**Task statement:** Total the lines of the entries below that hold the string "look", then write only that total.

Start of Available data

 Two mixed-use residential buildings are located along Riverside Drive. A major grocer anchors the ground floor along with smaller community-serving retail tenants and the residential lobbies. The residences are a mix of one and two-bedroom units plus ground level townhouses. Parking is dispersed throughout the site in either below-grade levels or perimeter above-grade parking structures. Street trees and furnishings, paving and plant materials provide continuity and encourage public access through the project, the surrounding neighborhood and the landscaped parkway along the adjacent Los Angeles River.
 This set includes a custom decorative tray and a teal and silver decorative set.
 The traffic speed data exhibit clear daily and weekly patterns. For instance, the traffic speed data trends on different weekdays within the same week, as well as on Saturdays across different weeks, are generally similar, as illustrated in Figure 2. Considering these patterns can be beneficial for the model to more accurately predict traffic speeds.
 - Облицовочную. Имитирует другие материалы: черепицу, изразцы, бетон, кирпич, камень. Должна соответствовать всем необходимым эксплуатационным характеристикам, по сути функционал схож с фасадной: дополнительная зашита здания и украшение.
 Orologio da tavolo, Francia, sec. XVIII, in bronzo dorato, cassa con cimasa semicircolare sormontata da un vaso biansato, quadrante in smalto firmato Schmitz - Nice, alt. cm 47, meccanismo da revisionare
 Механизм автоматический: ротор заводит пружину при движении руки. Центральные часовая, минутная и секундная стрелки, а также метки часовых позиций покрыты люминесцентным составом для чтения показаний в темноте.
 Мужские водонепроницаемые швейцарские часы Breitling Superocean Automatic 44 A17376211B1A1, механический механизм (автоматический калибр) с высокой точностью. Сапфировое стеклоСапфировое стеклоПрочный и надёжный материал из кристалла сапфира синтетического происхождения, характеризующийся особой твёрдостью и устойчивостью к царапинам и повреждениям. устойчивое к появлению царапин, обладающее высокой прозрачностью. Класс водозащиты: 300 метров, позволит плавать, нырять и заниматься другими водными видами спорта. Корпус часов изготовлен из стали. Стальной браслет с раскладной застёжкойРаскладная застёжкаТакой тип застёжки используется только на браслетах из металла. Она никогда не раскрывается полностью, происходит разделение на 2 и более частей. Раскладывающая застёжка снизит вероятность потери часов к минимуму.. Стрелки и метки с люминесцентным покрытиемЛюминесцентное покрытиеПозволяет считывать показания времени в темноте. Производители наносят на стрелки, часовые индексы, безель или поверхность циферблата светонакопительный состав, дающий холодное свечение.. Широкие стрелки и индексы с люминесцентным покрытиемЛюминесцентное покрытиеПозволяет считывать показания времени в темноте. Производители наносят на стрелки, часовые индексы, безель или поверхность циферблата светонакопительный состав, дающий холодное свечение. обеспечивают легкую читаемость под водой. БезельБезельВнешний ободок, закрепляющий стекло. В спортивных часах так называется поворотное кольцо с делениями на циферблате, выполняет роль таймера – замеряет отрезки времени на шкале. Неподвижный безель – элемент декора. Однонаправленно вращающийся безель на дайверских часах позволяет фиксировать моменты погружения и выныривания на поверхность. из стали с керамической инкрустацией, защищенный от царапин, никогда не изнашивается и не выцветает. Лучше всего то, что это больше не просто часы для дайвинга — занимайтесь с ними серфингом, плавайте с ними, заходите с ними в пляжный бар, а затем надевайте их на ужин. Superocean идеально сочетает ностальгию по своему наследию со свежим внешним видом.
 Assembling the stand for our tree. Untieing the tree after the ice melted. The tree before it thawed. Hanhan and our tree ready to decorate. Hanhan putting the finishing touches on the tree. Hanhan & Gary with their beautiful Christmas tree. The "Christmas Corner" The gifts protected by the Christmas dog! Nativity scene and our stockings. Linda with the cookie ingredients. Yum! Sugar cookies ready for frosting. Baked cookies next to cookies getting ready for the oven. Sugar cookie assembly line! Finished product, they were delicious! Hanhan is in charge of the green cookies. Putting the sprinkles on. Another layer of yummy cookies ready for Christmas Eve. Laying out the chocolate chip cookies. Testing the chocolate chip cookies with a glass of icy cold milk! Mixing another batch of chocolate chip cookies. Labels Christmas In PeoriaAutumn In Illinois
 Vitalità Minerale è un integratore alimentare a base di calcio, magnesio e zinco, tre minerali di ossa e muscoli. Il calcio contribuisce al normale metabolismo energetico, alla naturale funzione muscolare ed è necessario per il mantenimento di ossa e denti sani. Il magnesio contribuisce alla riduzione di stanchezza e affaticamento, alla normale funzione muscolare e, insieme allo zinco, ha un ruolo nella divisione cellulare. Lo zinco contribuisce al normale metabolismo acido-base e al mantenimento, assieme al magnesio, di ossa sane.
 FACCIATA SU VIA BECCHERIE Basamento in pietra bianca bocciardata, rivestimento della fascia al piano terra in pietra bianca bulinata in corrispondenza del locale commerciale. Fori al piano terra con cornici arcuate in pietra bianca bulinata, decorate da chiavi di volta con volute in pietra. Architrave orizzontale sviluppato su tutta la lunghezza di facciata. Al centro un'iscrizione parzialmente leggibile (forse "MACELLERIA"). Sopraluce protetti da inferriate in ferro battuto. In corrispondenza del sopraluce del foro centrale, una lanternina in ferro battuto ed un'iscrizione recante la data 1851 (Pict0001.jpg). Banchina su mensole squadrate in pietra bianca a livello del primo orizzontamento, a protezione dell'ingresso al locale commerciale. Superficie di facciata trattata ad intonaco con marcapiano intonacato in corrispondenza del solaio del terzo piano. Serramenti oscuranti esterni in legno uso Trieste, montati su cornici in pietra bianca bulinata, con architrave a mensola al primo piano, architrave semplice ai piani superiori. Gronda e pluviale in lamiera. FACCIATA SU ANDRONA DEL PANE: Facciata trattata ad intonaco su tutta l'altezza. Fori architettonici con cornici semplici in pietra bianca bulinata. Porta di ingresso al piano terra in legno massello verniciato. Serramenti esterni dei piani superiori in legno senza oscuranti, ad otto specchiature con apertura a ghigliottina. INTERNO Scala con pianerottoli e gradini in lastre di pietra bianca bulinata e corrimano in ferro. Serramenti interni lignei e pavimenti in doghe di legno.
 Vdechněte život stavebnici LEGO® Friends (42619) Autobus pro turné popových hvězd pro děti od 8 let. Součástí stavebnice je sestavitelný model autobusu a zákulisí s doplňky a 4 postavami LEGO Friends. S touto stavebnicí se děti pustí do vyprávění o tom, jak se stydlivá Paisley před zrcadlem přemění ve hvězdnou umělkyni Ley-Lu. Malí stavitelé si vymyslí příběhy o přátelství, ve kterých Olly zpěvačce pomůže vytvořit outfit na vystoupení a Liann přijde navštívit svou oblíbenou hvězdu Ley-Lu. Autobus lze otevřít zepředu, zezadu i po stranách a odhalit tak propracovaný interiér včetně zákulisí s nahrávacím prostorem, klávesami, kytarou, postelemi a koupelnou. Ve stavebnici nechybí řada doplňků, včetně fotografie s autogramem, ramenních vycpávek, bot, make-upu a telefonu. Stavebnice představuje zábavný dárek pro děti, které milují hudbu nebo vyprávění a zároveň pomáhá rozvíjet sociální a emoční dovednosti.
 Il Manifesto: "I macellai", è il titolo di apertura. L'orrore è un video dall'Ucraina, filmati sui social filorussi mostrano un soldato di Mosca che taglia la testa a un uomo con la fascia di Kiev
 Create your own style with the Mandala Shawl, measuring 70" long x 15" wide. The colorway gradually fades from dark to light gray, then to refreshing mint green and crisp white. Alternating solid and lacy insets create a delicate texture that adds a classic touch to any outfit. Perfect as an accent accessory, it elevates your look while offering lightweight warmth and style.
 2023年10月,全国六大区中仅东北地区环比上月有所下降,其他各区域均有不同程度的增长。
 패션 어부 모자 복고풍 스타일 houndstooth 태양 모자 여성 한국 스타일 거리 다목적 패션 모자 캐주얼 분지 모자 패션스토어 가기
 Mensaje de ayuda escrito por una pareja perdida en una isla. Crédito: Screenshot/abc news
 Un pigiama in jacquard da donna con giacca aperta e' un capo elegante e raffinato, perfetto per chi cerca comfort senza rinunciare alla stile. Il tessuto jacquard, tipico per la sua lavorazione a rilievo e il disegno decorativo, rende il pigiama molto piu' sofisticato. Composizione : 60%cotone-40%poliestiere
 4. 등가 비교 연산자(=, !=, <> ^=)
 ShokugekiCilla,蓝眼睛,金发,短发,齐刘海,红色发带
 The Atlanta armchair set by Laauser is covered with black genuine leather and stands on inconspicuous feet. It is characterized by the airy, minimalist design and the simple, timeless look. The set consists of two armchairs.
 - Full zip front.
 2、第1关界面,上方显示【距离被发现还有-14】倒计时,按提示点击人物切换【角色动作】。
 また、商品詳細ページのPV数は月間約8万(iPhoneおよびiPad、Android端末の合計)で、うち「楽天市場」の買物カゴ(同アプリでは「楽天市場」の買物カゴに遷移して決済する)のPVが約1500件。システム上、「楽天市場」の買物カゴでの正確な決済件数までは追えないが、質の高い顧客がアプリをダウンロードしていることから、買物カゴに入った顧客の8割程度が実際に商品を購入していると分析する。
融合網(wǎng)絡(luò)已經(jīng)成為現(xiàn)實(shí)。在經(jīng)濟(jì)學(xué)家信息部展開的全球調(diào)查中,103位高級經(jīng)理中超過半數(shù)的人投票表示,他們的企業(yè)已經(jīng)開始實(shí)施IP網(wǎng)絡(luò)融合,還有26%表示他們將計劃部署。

End of Available data

**Exercise output:** 2